▶ [TASK TO CARRY OUT] From the listing that follows, output everything exactly except the pictures.

▶ [EXERCISE MATERIAL]
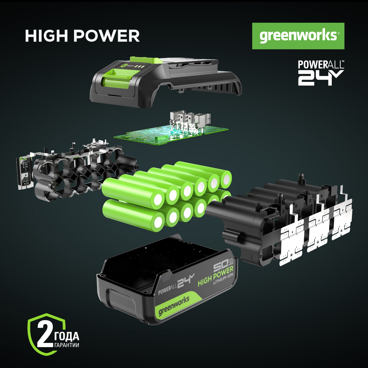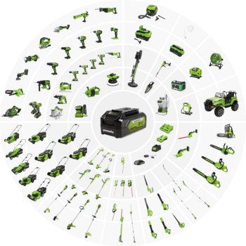 Greenworks самостоятельно разрабатывает и производит аккумуляторные батареи для всех своих аккумуляторных платформ.
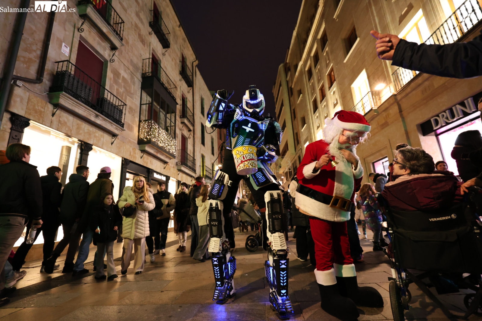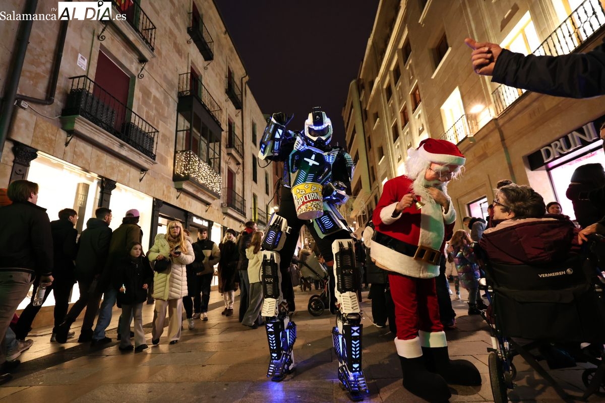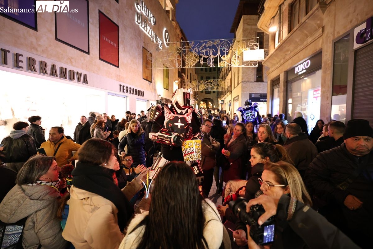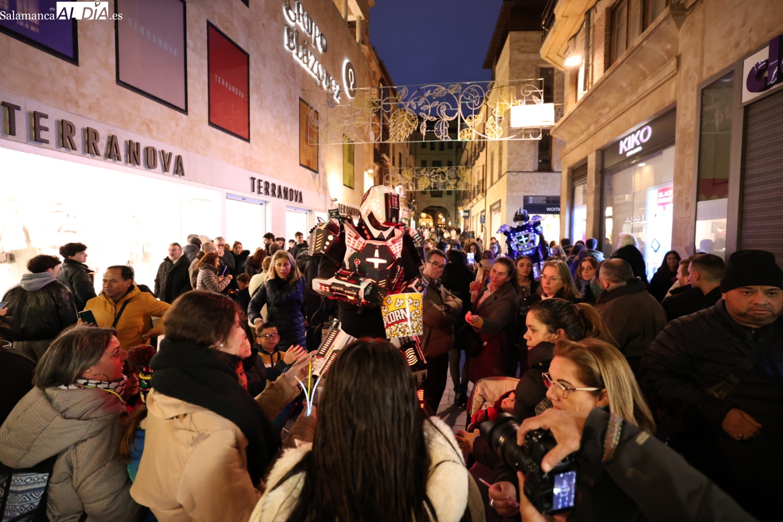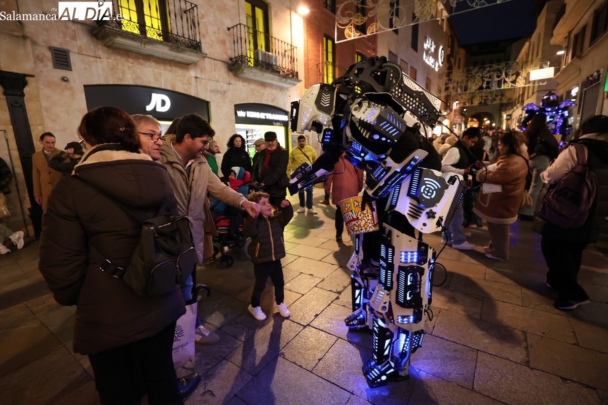 Las calles más céntricas de la capital del Tormes han acogido una actividad de dinamización diseñada para incentivar las compras y aportar color al ambiente urbano. Se trata de un pasacalles protagonizado por robots con tecnología LED, una propuesta visual que recorrerá los principales ejes comerciales y turísticos de Salamanca.
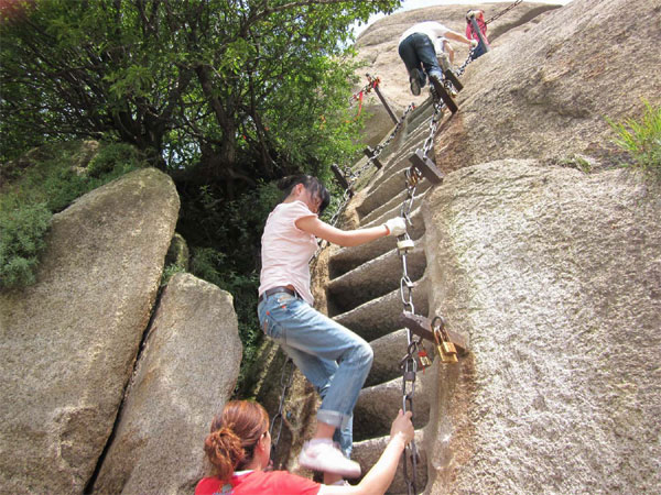 我們每個人都興致勃勃的肩負(fù)著一個大背包,臉上掛著抵擋不住的笑容開始了我們的“征服華山之行”!,雖然經(jīng)過朋友及同事的講解,大家對登山的艱難有了一些初步的了解,我們每個人幾乎都在包包里裝有四瓶以上的水,還有各種吃的東西以及以備御寒的棉衣,負(fù)擔(dān)雖然重,但聽著清泉淙淙聲,望著兩邊青山峻嶺,心情倒也放松了很多。大家都忘記了平日生活的煩惱以及工作的壓力,渾然忘我的欣賞起來,一路歡聲笑語,大家都忘了走了多長時間。剛開始都是緩坡,不陡但很熬人,但因為剛進(jìn)山門,傳說中的華山險道還沒到,大家都是興致盎然,還沒有感覺到有多累。進(jìn)山門走五里就到了五里關(guān),一路上的休息點(diǎn)很多,此時,一看見有休息的地兒,不由自主都想歇歇腳,喝點(diǎn)兒自帶的水,以前從來沒有感覺水是如此的醇美,山谷間送來的陣陣涼風(fēng)讓人愜意,還有一個感覺是熱,是因為連續(xù)登山,渾身大汗,身上的衣服都是濕濕的,一路上偶爾有下山的驢友一瘸一拐地相互攙扶,面露疲態(tài)地擦肩而過。
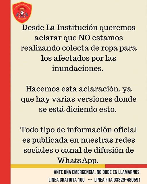 “Desde la Institución queremos aclarar que no estamos realizando colecta de ropa para los afectados por las inundaciones”, señala el comunicado de la institución.
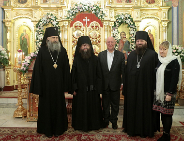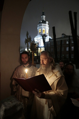 Чин Великого освящения, а затем Божественную Литургию возглавил Высокопреосвященнейший Феогност, архиепископ Сергиева Посада, Председатель Синодального отдела по монастырям и монашеству. Его Высокопреосвященству сослужили игумен Парамон, наместник Донского монастыря, братия Свято-Троицкой Сергиевой Лавры и Донского ставропигиального мужского монастыря.
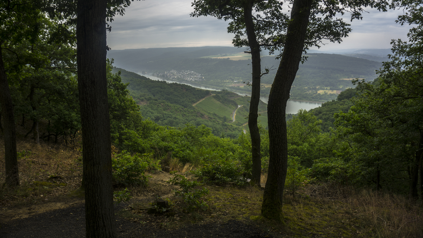 Nach diesem Anstieg, bei dem ich schon gut ins schwitzen gekommen bin, eröffnet sich mir ein erster großartiger Blick über die Rheinschleife und das Bopparder Hamm. Das Hamm ist das größte zusammen hängende Weinanbaugebiet des Mittelrheins und von dort kommen auch einige der besten Weine.
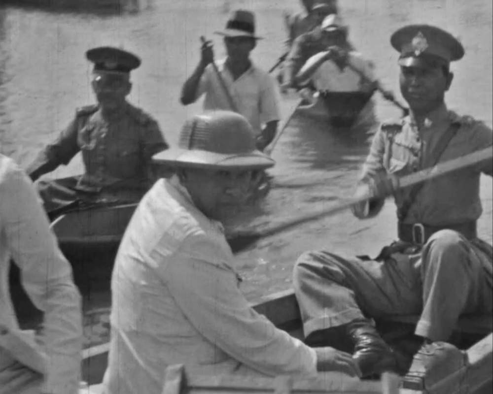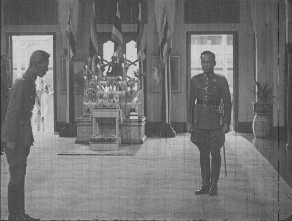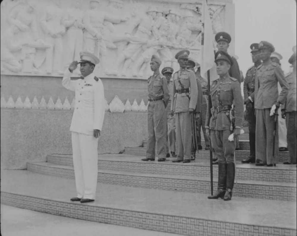 ภาพ : จอมพล ป. พิบูลสงคราม ในภาพยนตร์เรื่อง พิธีประดับยศนายทหารสมัยนายพลตรีหลวงพิบูลสงคราม ๒๔๘๔ (ชมภาพยนตร์ คลิก )
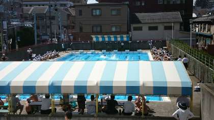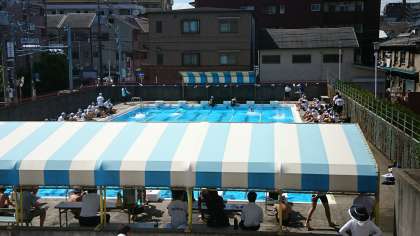 5限と6限を使って、水泳大会が行われています。生徒主体の運営の下、元気な声援が飛び交っています。
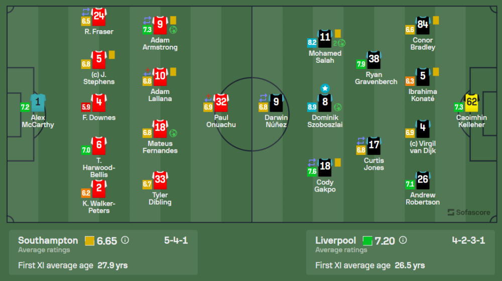 ในช่วง 30 นาทีแรก ลิเวอร์พูลบุกหนักจนกระทั่งนาทีที่ 30 โดมินิก โซบอสซ์ไล ยิงประตูสุดเฉียบคมให้ทีมเยือนขึ้นนำ 1-0 แต่ในนาทีที่ 42 อดัม อาร์มสตรอง ของเซาแธมป์ตันไม่ยอมง่าย ๆ ตีเสมอ 1-1 ก่อนจบครึ่งแรกอย่างดุเดือด

▶ [WRITTEN SOLUTION]
 Greenworks самостоятельно разрабатывает и производит аккумуляторные батареи для всех своих аккумуляторных платформ.
 Las calles más céntricas de la capital del Tormes han acogido una actividad de dinamización diseñada para incentivar las compras y aportar color al ambiente urbano. Se trata de un pasacalles protagonizado por robots con tecnología LED, una propuesta visual que recorrerá los principales ejes comerciales y turísticos de Salamanca.
 我們每個人都興致勃勃的肩負(fù)著一個大背包,臉上掛著抵擋不住的笑容開始了我們的“征服華山之行”!,雖然經(jīng)過朋友及同事的講解,大家對登山的艱難有了一些初步的了解,我們每個人幾乎都在包包里裝有四瓶以上的水,還有各種吃的東西以及以備御寒的棉衣,負(fù)擔(dān)雖然重,但聽著清泉淙淙聲,望著兩邊青山峻嶺,心情倒也放松了很多。大家都忘記了平日生活的煩惱以及工作的壓力,渾然忘我的欣賞起來,一路歡聲笑語,大家都忘了走了多長時間。剛開始都是緩坡,不陡但很熬人,但因為剛進(jìn)山門,傳說中的華山險道還沒到,大家都是興致盎然,還沒有感覺到有多累。進(jìn)山門走五里就到了五里關(guān),一路上的休息點(diǎn)很多,此時,一看見有休息的地兒,不由自主都想歇歇腳,喝點(diǎn)兒自帶的水,以前從來沒有感覺水是如此的醇美,山谷間送來的陣陣涼風(fēng)讓人愜意,還有一個感覺是熱,是因為連續(xù)登山,渾身大汗,身上的衣服都是濕濕的,一路上偶爾有下山的驢友一瘸一拐地相互攙扶,面露疲態(tài)地擦肩而過。
 “Desde la Institución queremos aclarar que no estamos realizando colecta de ropa para los afectados por las inundaciones”, señala el comunicado de la institución.
 Чин Великого освящения, а затем Божественную Литургию возглавил Высокопреосвященнейший Феогност, архиепископ Сергиева Посада, Председатель Синодального отдела по монастырям и монашеству. Его Высокопреосвященству сослужили игумен Парамон, наместник Донского монастыря, братия Свято-Троицкой Сергиевой Лавры и Донского ставропигиального мужского монастыря.
 Nach diesem Anstieg, bei dem ich schon gut ins schwitzen gekommen bin, eröffnet sich mir ein erster großartiger Blick über die Rheinschleife und das Bopparder Hamm. Das Hamm ist das größte zusammen hängende Weinanbaugebiet des Mittelrheins und von dort kommen auch einige der besten Weine.
 ภาพ : จอมพล ป. พิบูลสงคราม ในภาพยนตร์เรื่อง พิธีประดับยศนายทหารสมัยนายพลตรีหลวงพิบูลสงคราม ๒๔๘๔ (ชมภาพยนตร์ คลิก )
 5限と6限を使って、水泳大会が行われています。生徒主体の運営の下、元気な声援が飛び交っています。
 ในช่วง 30 นาทีแรก ลิเวอร์พูลบุกหนักจนกระทั่งนาทีที่ 30 โดมินิก โซบอสซ์ไล ยิงประตูสุดเฉียบคมให้ทีมเยือนขึ้นนำ 1-0 แต่ในนาทีที่ 42 อดัม อาร์มสตรอง ของเซาแธมป์ตันไม่ยอมง่าย ๆ ตีเสมอ 1-1 ก่อนจบครึ่งแรกอย่างดุเดือด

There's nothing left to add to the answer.